■ TASK REQUIREMENTS
Please give back only the lines below from the one containing "Extending Olympia 180cm" to the one containing "轉 UART 晶片 |", each repeated word for word, both ends included.

■ MATERIAL TO PROCESS
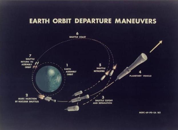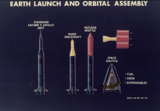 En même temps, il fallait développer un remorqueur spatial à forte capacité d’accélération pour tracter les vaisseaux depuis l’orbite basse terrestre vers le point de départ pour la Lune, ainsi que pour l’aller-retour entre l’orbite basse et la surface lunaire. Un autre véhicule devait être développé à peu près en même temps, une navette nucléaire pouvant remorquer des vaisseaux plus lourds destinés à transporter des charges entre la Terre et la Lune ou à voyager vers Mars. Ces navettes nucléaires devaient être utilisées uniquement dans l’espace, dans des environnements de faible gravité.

--

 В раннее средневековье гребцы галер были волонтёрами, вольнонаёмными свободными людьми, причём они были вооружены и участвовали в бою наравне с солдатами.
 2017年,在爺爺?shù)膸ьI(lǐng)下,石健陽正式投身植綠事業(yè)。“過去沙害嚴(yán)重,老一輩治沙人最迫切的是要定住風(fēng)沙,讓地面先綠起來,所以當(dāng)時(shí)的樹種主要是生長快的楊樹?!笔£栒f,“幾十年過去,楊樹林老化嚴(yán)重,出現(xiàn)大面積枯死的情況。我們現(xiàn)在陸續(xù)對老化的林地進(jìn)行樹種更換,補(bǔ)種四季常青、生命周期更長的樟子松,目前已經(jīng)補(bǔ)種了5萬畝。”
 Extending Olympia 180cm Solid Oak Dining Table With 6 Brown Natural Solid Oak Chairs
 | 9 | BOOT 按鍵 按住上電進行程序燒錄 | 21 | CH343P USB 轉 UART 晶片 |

■ EXPECTED OUTPUT
 Extending Olympia 180cm Solid Oak Dining Table With 6 Brown Natural Solid Oak Chairs
 | 9 | BOOT 按鍵 按住上電進行程序燒錄 | 21 | CH343P USB 轉 UART 晶片 |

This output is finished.